Purpose: "The Seattle Area Youth Performance Poetry Project is dedicated to enriching and aiding the development of the communication, public speaking and leadership skills of Puget Sound area youth through participation in performance poetry on a local, regional, national and international level."

Goals:

To select a Slam Team to participate in the National Teen Slam Championships in Ann Arbor, Michigan in April  2001.

To help ensure the best possible outcome for a Slam team through regular performance and literature workshops.

To fully fund a trip to the Nationals, allowing 5 young people and three chaperones to travel with comfortable transportation, lodging and meals.

To ensure that young poets develop multi-voice poems and other performance specialties.

To insure that the Seattle-Area Slam team best represent the youth of the metro area on and off the stage and through this experience learn leadership, marketing, organizing and fundraising skills.

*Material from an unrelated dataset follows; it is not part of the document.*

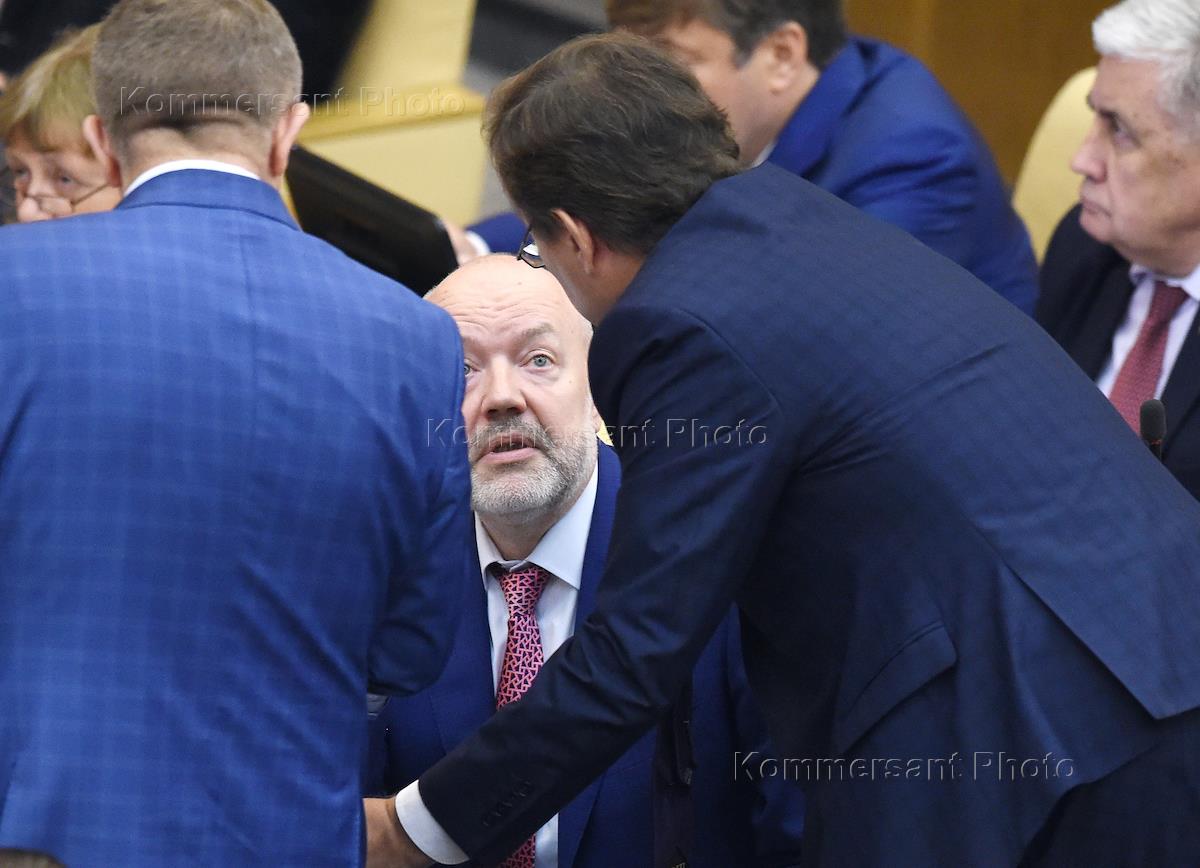 Пленарное заседание Государственной думы (ГД) России. Слева направо: член комитета ГД России по федеративному устройству и вопросам местного самоуправления Равиль Хуснулин, член комитета ГД России по природным ресурсам, собственности и земельным отношениям Алексей Воевода и член комитета ГД России по информационной политике, информационным технологиям и связи Максим Кудрявцев перед началом заседания.

To further develop the regional Teen Slam literary community and create more opportunities for youth to participate in competitive performance poetry as an alternative to acting out and as an in-road to healing.

To demonstrate the effectiveness of integrating arts and social services and illustrate the true value of arts funding in a way that will lead to higher levels of arts funding in King County and the State of Washington. (We currently rank below 50 in the 50+ United States and protectorates in per-capita arts funding here in this state.)

Background: We have seen a year with an unprecedented number of violent acts by teens. Columbine High School in Littleton, Colorado is perhaps the best-known. Similar events in Roseburg, Oregon, Paducah, Kentucky, Jonesboro, Arkansas and other towns suggest this is a trend that deserves our society's most careful attention.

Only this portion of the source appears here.